> _INSTRUCTIONS TO FOLLOW_:
Return a faithful copy of all the entries, omitting the images.

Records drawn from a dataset
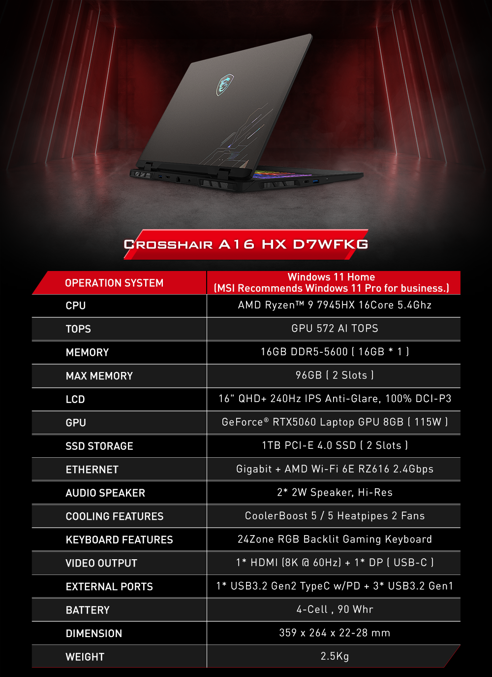 ▸ CPU: AMD Ryzen™ 9 7945HX 16Cores 32Threads Up to 5.4Ghz
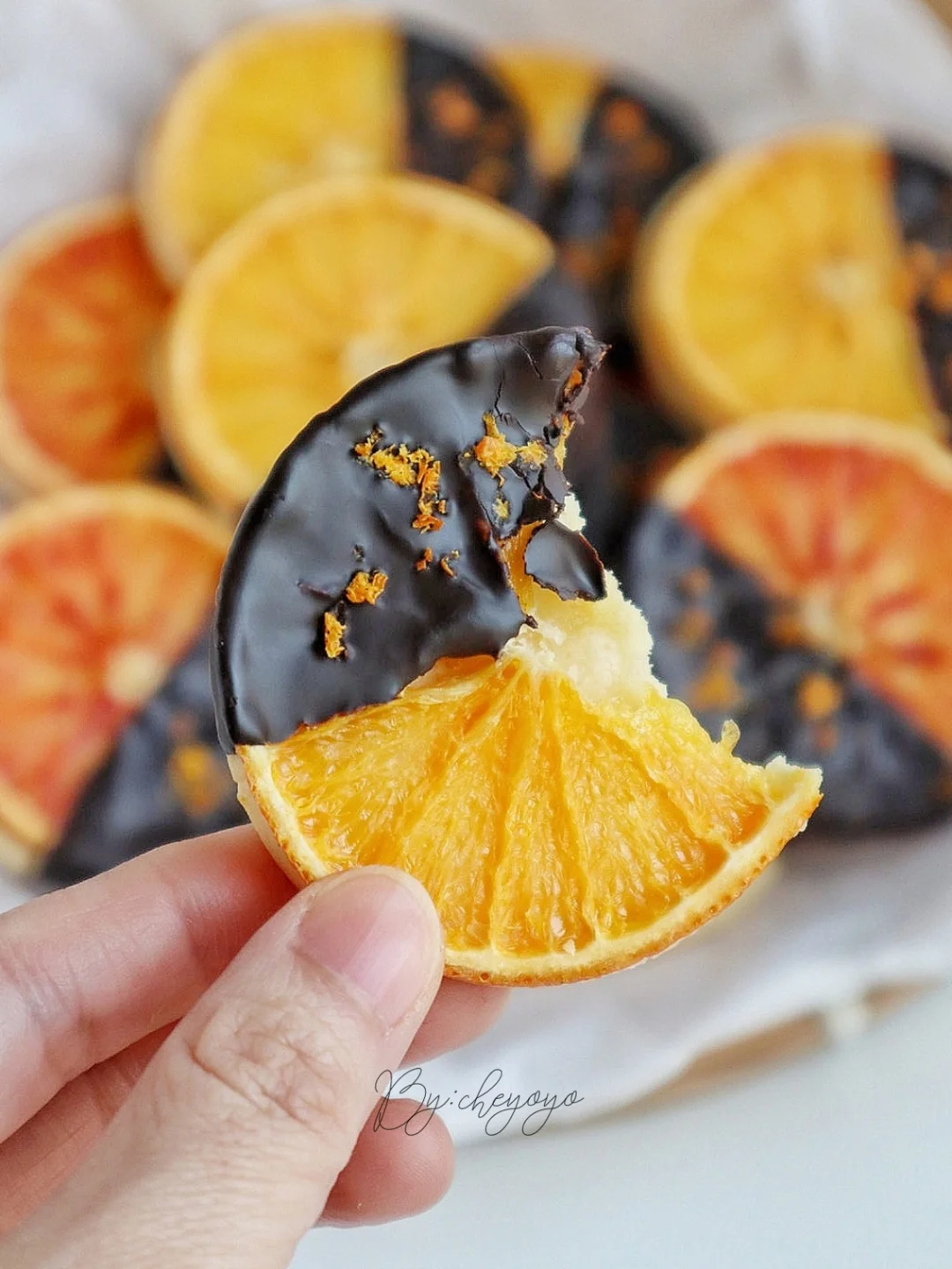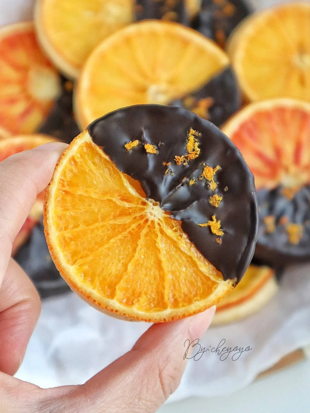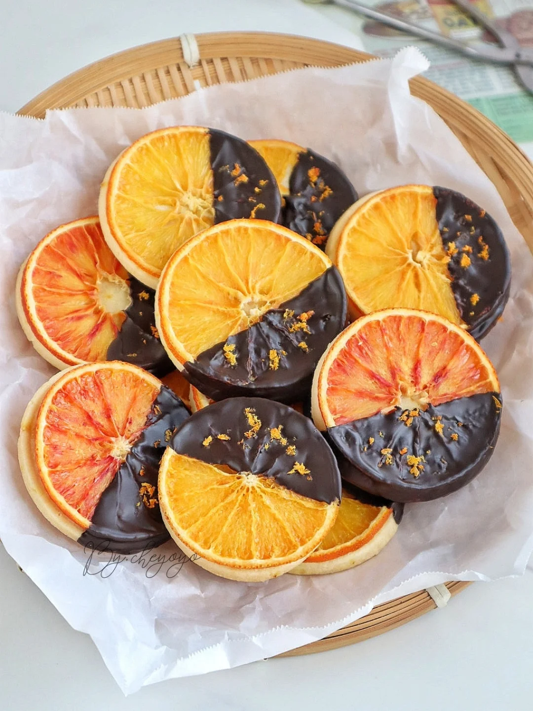 香橙+巧克力的搭配真的太绝了,外酥里软,橙香四溢,完全不腻,越吃越上头!做法简单,不用打发哦😋 - 🌟食材🌟 *糖渍香橙 橙子……2个 砂糖……15g 清水……30g *香橙曲奇 黄油……80g 金砂糖……20g 盐……1撮 橙汁……20g 低筋面粉……140g 橙子皮屑……适量 黑巧克力……适量 - 🌟做法🌟 1️⃣ 用盐将橙子表面搓洗干净,切薄片;锅中加入清水、砂糖煮开,放入橙子片煮5分钟捞出,用厨房纸吸出多余水分备用;剩余橙子削皮屑、榨汁; 2️⃣ 黄油室温软化至用手指可轻松戳出小洞,加入金砂糖、盐搅拌至均匀顺滑,分次加入橙汁搅拌均匀,加入低筋面粉、一半橙子皮屑,翻拌至无干粉后揉成团; 3️⃣ 面团擀成4mm面饼,送入冷箱冷冻15分钟定型,用圆形模具(比橙子片小一圈)压出曲奇形状后摆到烤盘上,放上糖渍橙子片; 4️⃣ 送入160度烤箱烘烤40分钟,最后10分钟加盖锡纸防止变色,出炉移至晾网上冷却; 5️⃣ 黑巧克力隔热水融化,曲奇一端裹上巧克力,撒上橙子皮屑,送入冰箱冷藏至巧克力凝固就ok啦😍😍
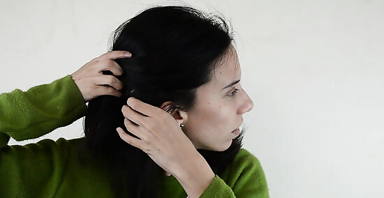 Braid the section and secure it with an elastic. Once you’ve chosen the location and size for the section of hair, create a three-strand braid. Divide the section of hair into three smaller sections, and cross the outside pieces over the center piece, alternating sides each time. Use a hair elastic that’s similar in color to your hair to secure the braid. If you prefer, you can create a two strand braid by dividing the section into two smaller sections and crossing them over one another until you reach the end of the hair. Give the braid extra flair by twirling the two sections before starting the braid. After you've created the braid, give it a spritz with hairspray to keep it in place all day. If an elastic isn't strong enough to secure your braid, you can slip a bobby pin or two into the braid around the elastic to keep it in place. You can also substitute a clip for the elastic if you prefer.
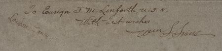 (1858 - 1936) American admiral who instituted great advancements in naval gunnery and adopted the convoy system used in World War I. I.S.P, 8 1/2" X 11 1/2", inscribed at bottom, "To Ensign J. M. Linforth, U.S.N., With best wishes, Wm. S. Sins."Mount toned a bit, photo crisp and beautiful. Double-matted and framed.
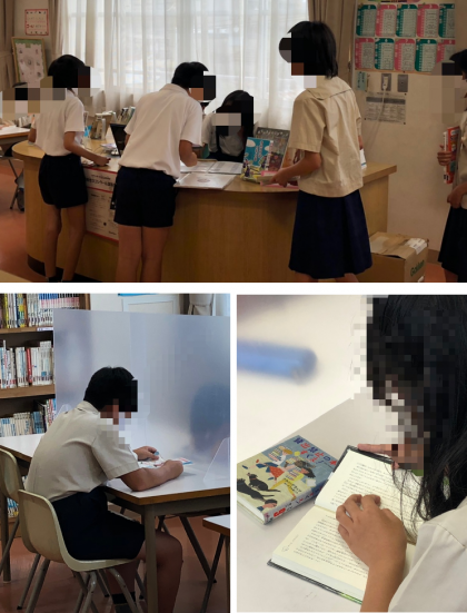 6年生の図書です。夏休みに向けて本を借りていました。借り終わった子は、読書に没頭していました。
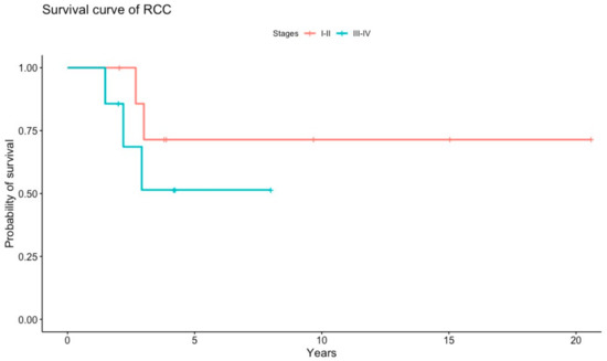 Kaplan-Meier estimates of overall survival of patients with renal cell cancer stages I and II vs. stages III and IV. RCC, renal cell cancer.
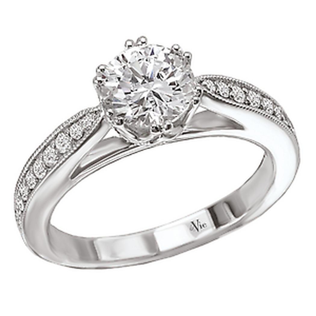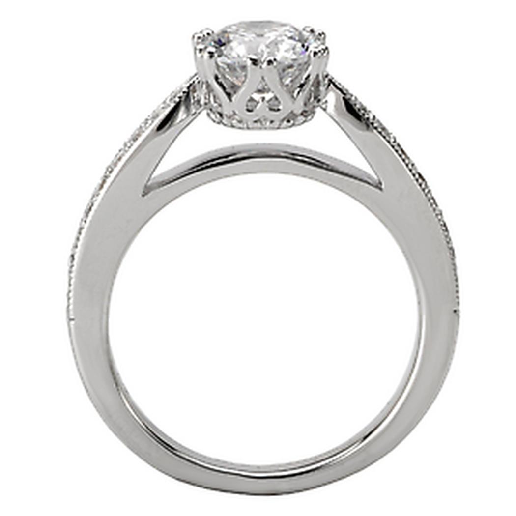 Diamond Ring in 14kt White Gold with Milgrain Detail. (D. 1/5 carat total weight)This item is a SEMI-MOUNT and it comes with NO CENTER STONE as shown but it will accommodate a 6.5mm round center stone. Crown Style Head
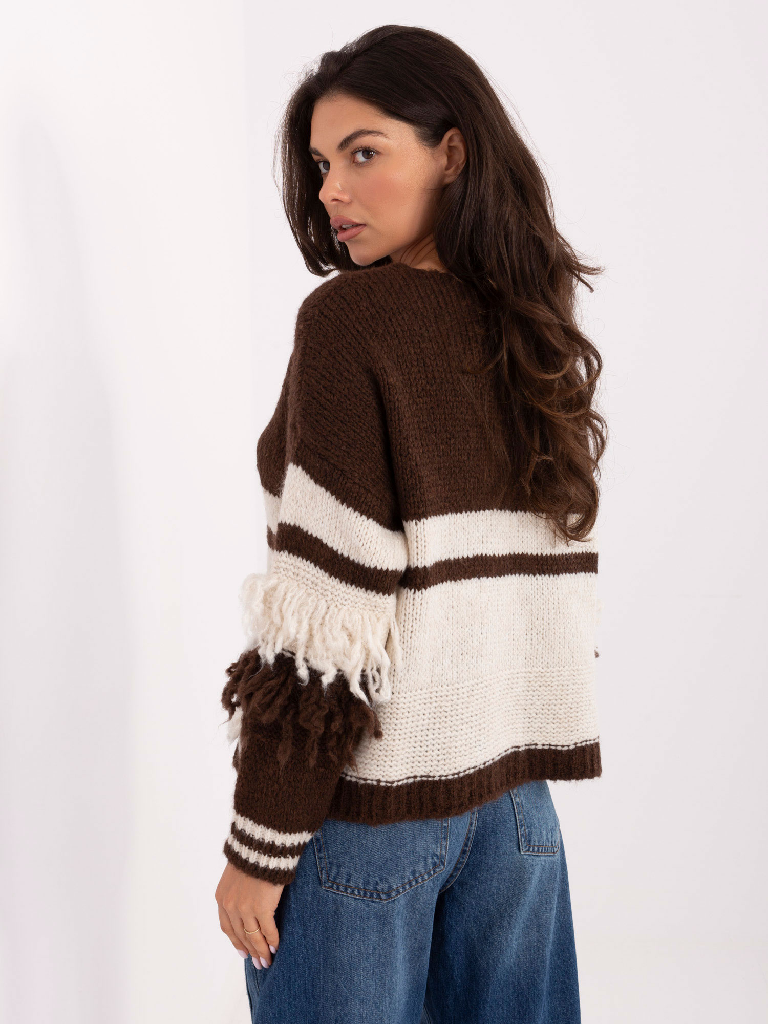 Brązowo-jasnobeżowy sweter z ozdobnymi guzikami

> _RESULT OF THE EXERCISE_:
 ▸ CPU: AMD Ryzen™ 9 7945HX 16Cores 32Threads Up to 5.4Ghz
 香橙+巧克力的搭配真的太绝了,外酥里软,橙香四溢,完全不腻,越吃越上头!做法简单,不用打发哦😋 - 🌟食材🌟 *糖渍香橙 橙子……2个 砂糖……15g 清水……30g *香橙曲奇 黄油……80g 金砂糖……20g 盐……1撮 橙汁……20g 低筋面粉……140g 橙子皮屑……适量 黑巧克力……适量 - 🌟做法🌟 1️⃣ 用盐将橙子表面搓洗干净,切薄片;锅中加入清水、砂糖煮开,放入橙子片煮5分钟捞出,用厨房纸吸出多余水分备用;剩余橙子削皮屑、榨汁; 2️⃣ 黄油室温软化至用手指可轻松戳出小洞,加入金砂糖、盐搅拌至均匀顺滑,分次加入橙汁搅拌均匀,加入低筋面粉、一半橙子皮屑,翻拌至无干粉后揉成团; 3️⃣ 面团擀成4mm面饼,送入冷箱冷冻15分钟定型,用圆形模具(比橙子片小一圈)压出曲奇形状后摆到烤盘上,放上糖渍橙子片; 4️⃣ 送入160度烤箱烘烤40分钟,最后10分钟加盖锡纸防止变色,出炉移至晾网上冷却; 5️⃣ 黑巧克力隔热水融化,曲奇一端裹上巧克力,撒上橙子皮屑,送入冰箱冷藏至巧克力凝固就ok啦😍😍
 Braid the section and secure it with an elastic. Once you’ve chosen the location and size for the section of hair, create a three-strand braid. Divide the section of hair into three smaller sections, and cross the outside pieces over the center piece, alternating sides each time. Use a hair elastic that’s similar in color to your hair to secure the braid. If you prefer, you can create a two strand braid by dividing the section into two smaller sections and crossing them over one another until you reach the end of the hair. Give the braid extra flair by twirling the two sections before starting the braid. After you've created the braid, give it a spritz with hairspray to keep it in place all day. If an elastic isn't strong enough to secure your braid, you can slip a bobby pin or two into the braid around the elastic to keep it in place. You can also substitute a clip for the elastic if you prefer.
 (1858 - 1936) American admiral who instituted great advancements in naval gunnery and adopted the convoy system used in World War I. I.S.P, 8 1/2" X 11 1/2", inscribed at bottom, "To Ensign J. M. Linforth, U.S.N., With best wishes, Wm. S. Sins."Mount toned a bit, photo crisp and beautiful. Double-matted and framed.
 6年生の図書です。夏休みに向けて本を借りていました。借り終わった子は、読書に没頭していました。
 Kaplan-Meier estimates of overall survival of patients with renal cell cancer stages I and II vs. stages III and IV. RCC, renal cell cancer.
 Diamond Ring in 14kt White Gold with Milgrain Detail. (D. 1/5 carat total weight)This item is a SEMI-MOUNT and it comes with NO CENTER STONE as shown but it will accommodate a 6.5mm round center stone. Crown Style Head
 Brązowo-jasnobeżowy sweter z ozdobnymi guzikami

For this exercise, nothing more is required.